On N\"orlund summability of Taylor series in weighted Dirichlet spaces

TL;DR

This paper proves that Taylor series in weighted Dirichlet spaces are Nörlund summable under certain conditions on the summation sequence, with sharp bounds on the parameter and convergence rate.

Contribution

It establishes new Nörlund summability results for Taylor series in weighted Dirichlet spaces, including sharp conditions on the summation sequence.

Findings

Taylor series are Nörlund summable for all α > 1/2

Convergence rate is O(n^{-1/2})

Conditions on the summation sequence's growth are necessary and sufficient

Abstract

In this note we show that the Taylor series of a function in a weighted Dirichlet space is (generalized) N\"orlund summable, provided that the sequence determining the N\"orlund operator is non-decreasing and has finite upper growth rate.
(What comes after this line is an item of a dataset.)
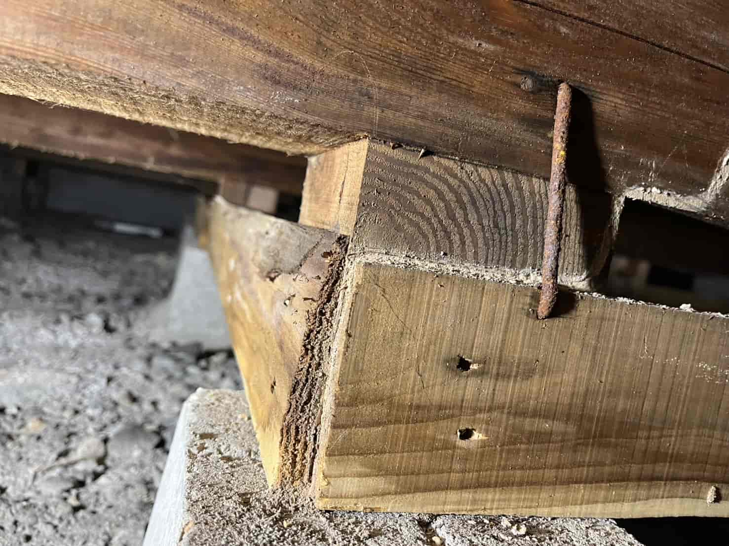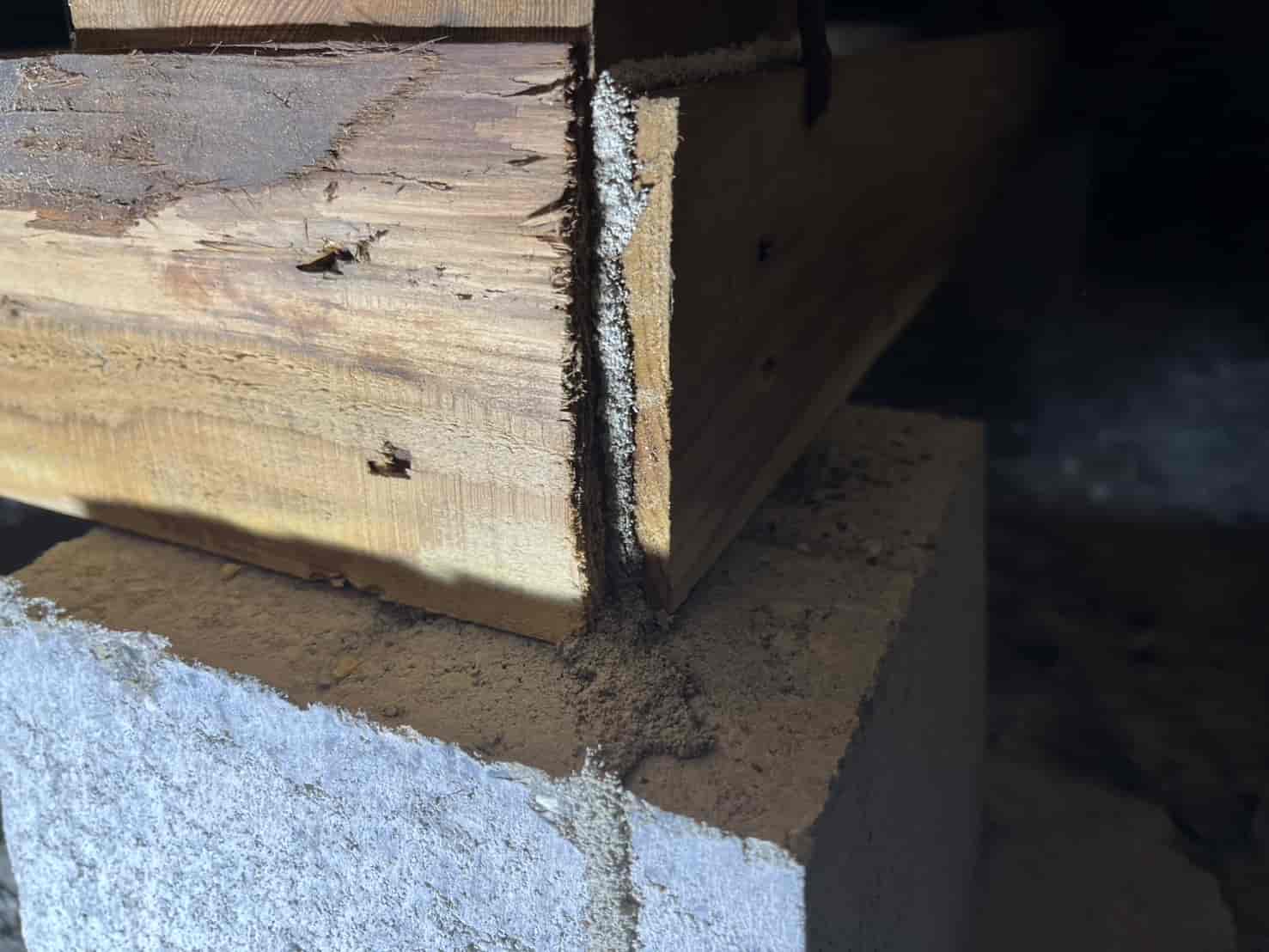 【対応】「シロアリ被害が心配」とご相談いただき調査したところ、基礎が複雑で床下全体の点検が困難な構造でした。そこで 基礎のハツリ・木部穿孔注入・スラブ穿孔注入・壁穿孔注入 を組み合わせ、薬剤を確実に行き渡らせる施工を実施。

In particular the Taylor series is N\"orlund summable for all $\alpha>1/2$, and the rate of convergence is of the order $O(n^{-1/2})$. The inequality $\alpha>1/2$ is sharp. On the other hand if the Taylor series is N\"orlund summable and the partial sums of the determining sequence enjoy a certain growth condition then the determining sequence has finite lower growth rate. An analogue result is derived for a non-increasing sequence that is uniformly bounded away from zero.